Aunque muchos consideran que anotar depende únicamente de la habilidad futbolística, según la Universidad Autónoma de México (UNAM) y el doctor Víctor Manuel Rodríguez Molina del Departamento de Fisiología de la Facultad de Medicina en información difundida por UNAM Global, aseguran que el éxito de un penal está estrechamente relacionado con el control emocional y la preparación psicológica.
De acuerdo con expertos universitarios, durante un penal el jugador enfrenta una enorme presión una investigación de la Universidad de Trinity en Estados Unidos encontró hace tres años los penales anotados son 50.8% de las veces que el primer equipo tira primero y 49.2% por el que lo hace en segundo lugar. Por ello, mantener la concentración resulta fundamental para ejecutar correctamente el disparo.

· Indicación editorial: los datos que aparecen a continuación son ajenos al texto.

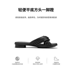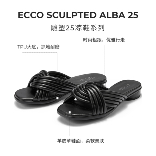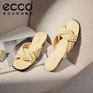 雕塑233813 春夏交叉带低跟低跟软底一字拖 ECCO爱步女鞋 拖鞋
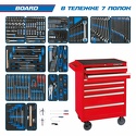 КомплектацияМодуль 1Набор торцевых головок 1/2" с принадлежностями, 37 предметов 9-4537MRVНабор торцевых головок 3/8" с принадлежностями, 44 предмета 9-3544MRVМодуль 2Набор торцевых головок 1/4" с принадлежностями, 65 предметов 9-2565MRVНабор торцевых насадок, бит и ударная отвертка, 43 предмета 9-4143FRVНабор рожковых ключей, 12 предметов 9-1112MRVМодуль 3Набор накидных ключей и TORX L-образных, 19 предметов 9-90119MRVНабор комбинированных ключей, 20 предметов 9-1220MRVМодуль 4Набор напильников, торцевых отверток, съемники клипс и металлическая щетка, 13 предметов 9-90413TQVМодуль 5Набор разрезных ключей и шестигранники Г-образные, 15 предметов 9-90135MRVНабор пассатижей и бокорезов, 4 предмета 9-40104GPVНабор пассатижи, переставные клещи и зажим, 3 предмета 9-40113GPVНабор съемников стопорных колец, 4 предмета 9-44214GPVМодуль 6Набор отверток, 24 предмета 9-31124MRVМодуль 7Набор шестигранников L-тип, 8 предметов 9-22108MRVНабор зубил, выколоток, кернеров с молотком, 8 предметов 9-90118PRVВспомогательный инструментСъемник подшипников 2-х захватный 100 мм 7962-04Съемник подшипников 3-х захватный 100 мм 7963-04Магнит на гибком стержне 5х565 мм 2121-18Отвертка крестовая Phillips №2, 300 мм 14210212Отвертка шлицевая Slotted 6,5 мм, 300 мм 14226512Тестер для проверки напряжения, 3-48 В 9DC23Тележка инструментальная7 выдвижных полок, цвет синий Количество предметов: 325Количество ложементов: 15Размеры тележки в сборе: 460 х 680 х 955 ммУпаковка: картонВес: 88,35 кг

La mente, un factor decisivo desde estar enfrente de la portería
El doctor destaca que uno de los principales errores que pueden cometer los jugadores es concentrarse en las consecuencias negativas de fallar. Pensamientos relacionados con una posible derrota o con las críticas posteriores pueden generar distracciones que afectan la precisión del disparo.
La UNAM citó un dato del Institute of Exercise Training and Sport Informatics de Alemania: que la probabilidad de que el portero logré parar un penal va de 15 % a 20 %, por lo tanto, el promedio va que se anote uno de cada cinco disparos.
Visualizar el objetivo es una de las mejores herramientas utilizada en el deporte de alto rendimiento. Imaginar la trayectoria del balón y el momento de la anotación. Además, controlar la respiración puede ayudar a reducir la tensión física y mental, respirar permite controlar el enfoque.
Las estrategias que pueden aumentar la probabilidad de éxito
La universidad señala que no existe una fórmula infalible para convertir todos los penales en gol, pero sí una serie de acciones que pueden incrementar las posibilidades de éxito. Entre ellas se encuentran la práctica constante, el fortalecimiento de la confianza personal y el desarrollo de habilidades para manejar la presión.
Aunque las recomendaciones fueron planteadas en el contexto deportivo, la UNAM considera que estos principios pueden aplicarse a diferentes ámbitos de la vida cotidiana. Situaciones como exámenes académicos, entrevistas de trabajo o exposiciones públicas también requieren concentración, confianza y manejo adecuado de las emociones.